Historic Native Peoples of Texas PDF Author: William C. Foster
Publisher: Univ of TX + ORM
ISBN: 0292794614
Category : Social Science
Languages : en
Pages : 404

Book Description
An incredibly detailed account of Indigenous lifeways during the initial rounds of European exploration in south-central North America. Several hundred tribes of Native Americans were living within or hunting and trading across the present-day borders of Texas when Cabeza de Vaca and his shipwrecked companions washed up on a Gulf Coast beach in 1528. Over the next two centuries, as Spanish and French expeditions explored the state, they recorded detailed information about the locations and lifeways of Texas’s Native peoples. Using recent translations of these expedition diaries and journals, along with discoveries from ongoing archaeological investigations, William C. Foster here assembles the most complete account ever published of Texas’s Native peoples during the early historic period (AD 1528 to 1722). Foster describes the historic Native peoples of Texas by geographic regions. His chronological narrative records the interactions of Native groups with European explorers and with Native trading partners across a wide network that extended into Louisiana, the Great Plains, New Mexico, and northern Mexico. Foster provides extensive ethnohistorical information about Texas’s Native peoples, as well as data on the various regions’ animals, plants, and climate. Accompanying each regional account is an annotated list of named Indigenous tribes in that region and maps that show tribal territories and European expedition routes. “A very useful encyclopedic regional account of the Europeans and Native peoples of Texas who encountered one another during the relatively unexamined two hundred years before the Spanish occupation of Texas and the French establishment of Louisiana.” —Southwestern Historical Quarterly

Historic Native Peoples of Texas

Historic Native Peoples of Texas PDF Author: William C. Foster
Publisher: Univ of TX + ORM
ISBN: 0292794614
Category : Social Science
Languages : en
Pages : 404

Book Description
An incredibly detailed account of Indigenous lifeways during the initial rounds of European exploration in south-central North America. Several hundred tribes of Native Americans were living within or hunting and trading across the present-day borders of Texas when Cabeza de Vaca and his shipwrecked companions washed up on a Gulf Coast beach in 1528. Over the next two centuries, as Spanish and French expeditions explored the state, they recorded detailed information about the locations and lifeways of Texas’s Native peoples.

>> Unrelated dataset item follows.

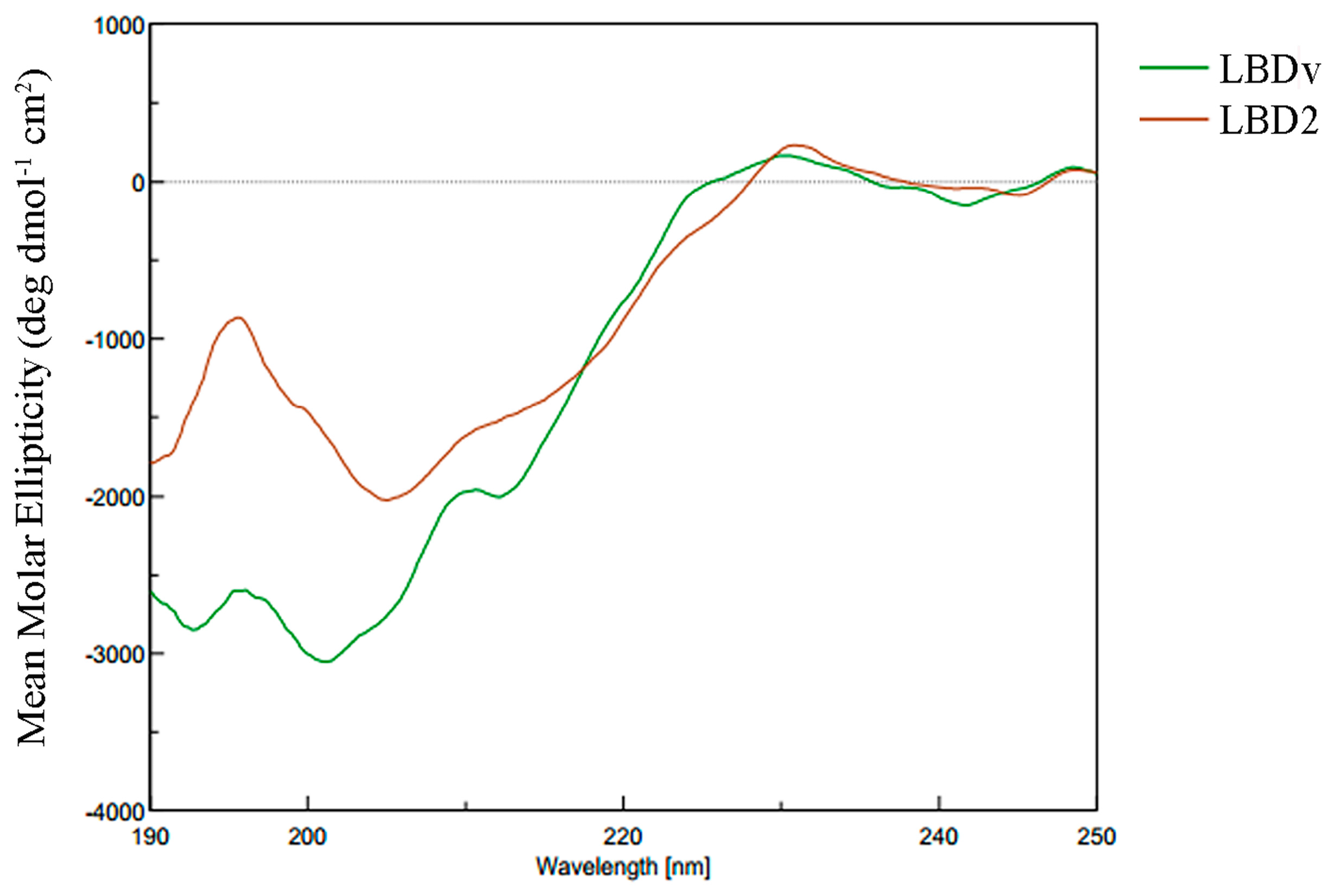 The secondary structure content of LBD2 and LBDv were measured by circular dichroism spectroscopy (JASCO 715, Tokyo, Japan) in far UV. Spectra were recorded at room temperature, over the range of 190 to 250 nm. The peptide concentration was 0.2 mg/mL in 20 mM phosphate buffer pH 7.0. We used a scan speed of 50 nm/min, a 0.1 cm cell path length, a response time of 4 s and a band width of 1 nm. A blank spectrum containing all components except the peptide was subtracted from individual spectra to account for the baseline. Finally, the data were smoothed using Jwstda32 software. The acquired CD spectra were then converted to the mean molar ellipticity (deg·dmol−1·cm2). The secondary structural elements of the peptides, including α helix, β-sheet, β-turn and random coil, were calculated based on the CD spectra using Protein SSE software according to a standard reference spectrum.

Using recent translations of these expedition diaries and journals, along with discoveries from ongoing archaeological investigations, William C. Foster here assembles the most complete account ever published of Texas’s Native peoples during the early historic period (AD 1528 to 1722). Foster describes the historic Native peoples of Texas by geographic regions. His chronological narrative records the interactions of Native groups with European explorers and with Native trading partners across a wide network that extended into Louisiana, the Great Plains, New Mexico, and northern Mexico. Foster provides extensive ethnohistorical information about Texas’s Native peoples, as well as data on the various regions’ animals, plants, and climate. Accompanying each regional account is an annotated list of named Indigenous tribes in that region and maps that show tribal territories and European expedition routes. “A very useful encyclopedic regional account of the Europeans and Native peoples of Texas who encountered one another during the relatively unexamined two hundred years before the Spanish occupation of Texas and the French establishment of Louisiana.” —Southwestern Historical Quarterly

The Texas Indians

The Texas Indians PDF Author: David La Vere
Publisher: Texas A&M University Press
ISBN: 9781585443017
Category : History
Languages : en
Pages : 340

Book Description
Author David La Vere offers a complete chronological and cultural history of Texas Indians from twelve thousand years ago to the present day. He presents a unique view of their cultural history before and after European arrival, examining Indian interactions-both peaceful and violent-with Europeans, Mexicans, Texans, and Americans.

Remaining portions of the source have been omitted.